## Your goal
Please copy exactly the lines from the one containing "Qué es: un conjunto" to the end of the entries, both included, and nothing else. Omit every picture.
▬▬▬▬▬▬
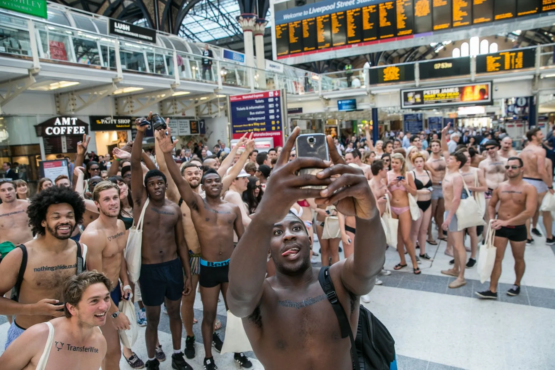 A flashing flashmob paraded around central London in their underwear in a protest over bank charges, on June 13, 2014. The semi-naked gang stripped down to their bras and briefs – giving morning commuters an eyeful. The scantily clad protesters stunned passengers at Liverpool Street Station and were also spotted in Angel, Farringdon and Kings Cross Square. More than 100 daring campaigners turned out for the event – which luckily coincided with the warmest day of the year so far. (Photo by Jeff Moore)
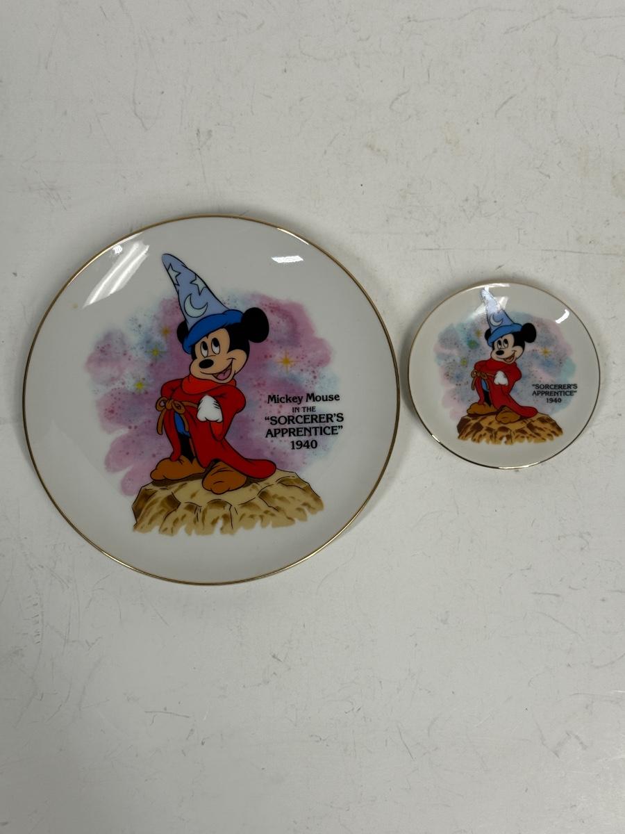 lot of 2 plates 6" and 3" - Walt Disney's Vintage Mickey Mouse w/ Sorcerer Hat
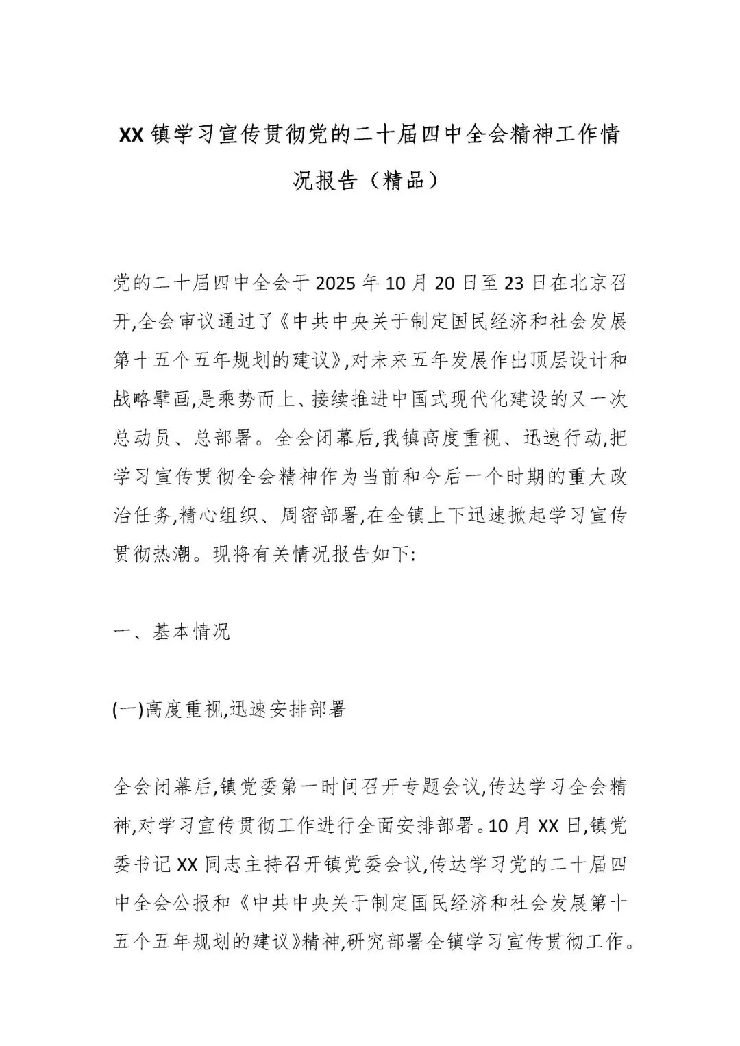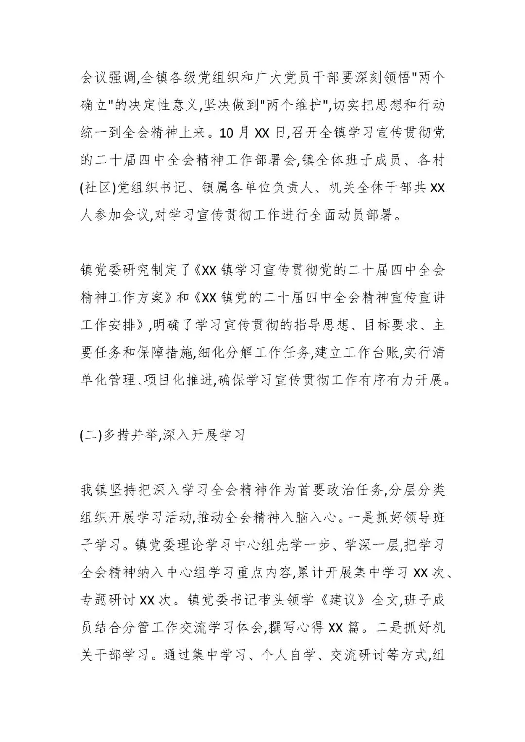 XX镇学习宣传贯彻党的二十届四中全会精神工作情况报告
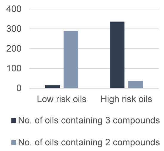 - Count: the number of oils in the dataset that contain all the compounds in a given association rule. Using rule number 2 from Table 3 as an example, the count is 9, which means that the number of oils in the dataset that contain the combination of c8, c9, and c12 is 9.
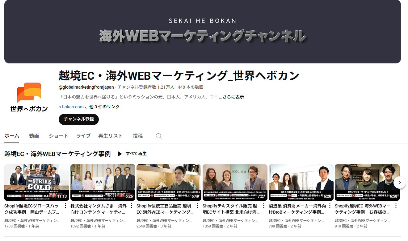 越境EC・海外Webマーケティング支援を専門とする同社は、2020年に企業のYouTubeチャンネル「越境EC・海外WEBマーケティング_世界へボカン」を開設。
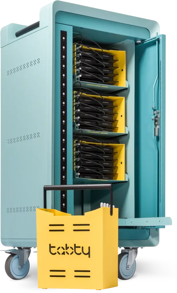 With over 10 years on the market and thousands of charging solutions sold, tabty products have established themselves as reliable companions for professional applications in the education sector. Developed and designed in Germany and partly manufactured locally, the solutions combine technical innovation, high-quality materials, and proven ergonomics in a well-thought-out overall concept. Developed for modern learning and working environments, tabty solutions impress with their high suitability for everyday use, intelligent safety features, and robust, durable construction – designed for professional continuous use.
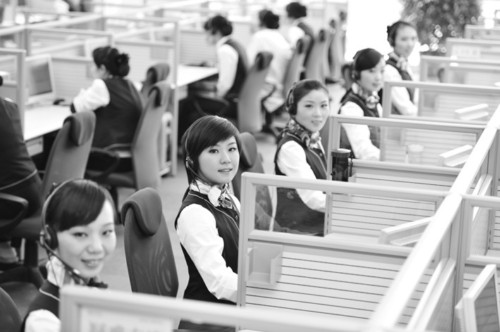 在山西,民間流傳著一句俚語:“出門放心記倆號(hào):110和10086!焙艚兄行哪壳耙寻l(fā)展為太原、侯馬兩個(gè)呼叫基地,共有2000多名員工!斑@里的工作是每周七天、每天24小時(shí)不間斷的,除了現(xiàn)金支付,我們這里可以辦理移動(dòng)公司的上千種業(yè)務(wù)。每位話務(wù)員一天平均要接通近300個(gè)電話,春節(jié)、國慶等假日更是繁忙。”
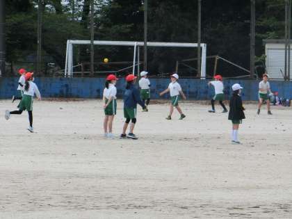4年生の体育です。体力テストのボール投げの記録が伸びるように、練習をしていました。投げる角度やボールをはなす手の位置など、工夫していました。時間がたつにつれ、ペアの児童の距離が長くなっていきました。
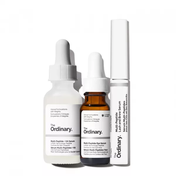 Qué es: un conjunto que incluye tres de las fórmulas multipéptidos de The Ordinary que abordan múltiples problemas en el rostro y los ojos.
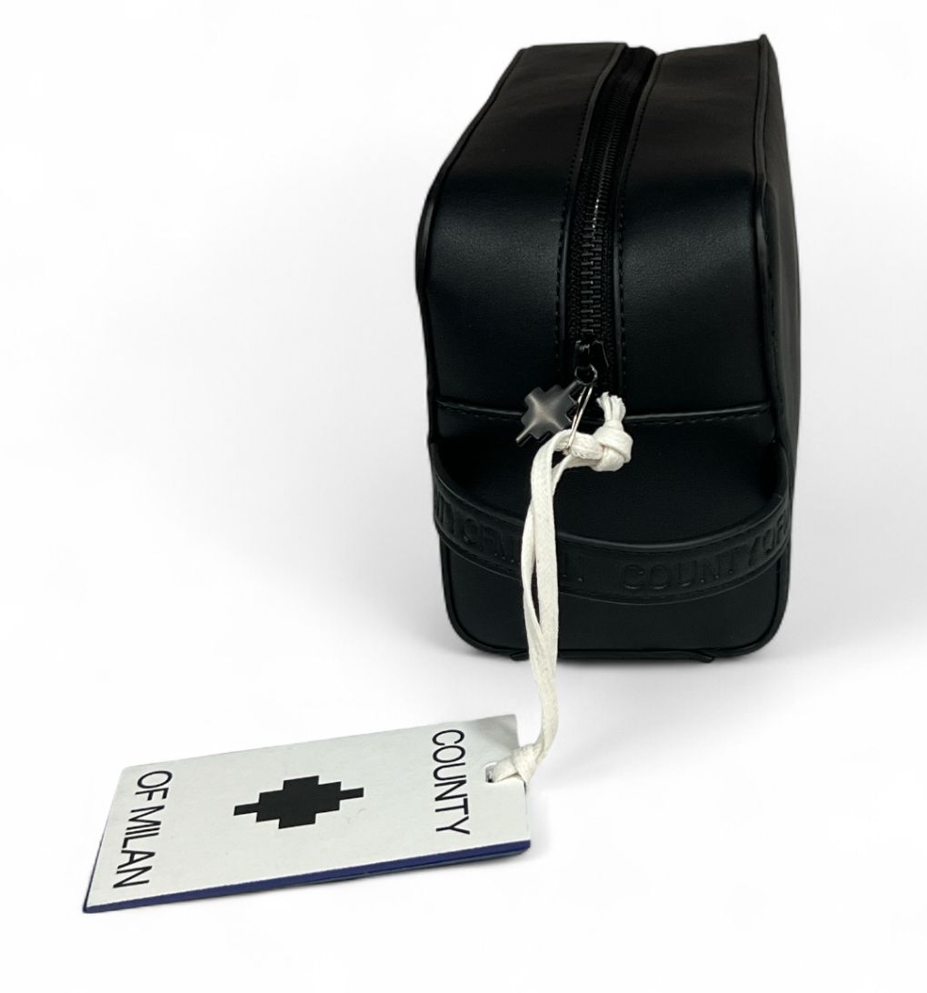 Borsello marcelo burlon in ecopelle nero apertura con zip nera molto capiente all'interno nella parte frontale troviamo lo stemma iconico che riconduce al brand fornita anche di polsiera
▬▬▬▬▬▬
## Task answer
 Qué es: un conjunto que incluye tres de las fórmulas multipéptidos de The Ordinary que abordan múltiples problemas en el rostro y los ojos.
 Borsello marcelo burlon in ecopelle nero apertura con zip nera molto capiente all'interno nella parte frontale troviamo lo stemma iconico che riconduce al brand fornita anche di polsiera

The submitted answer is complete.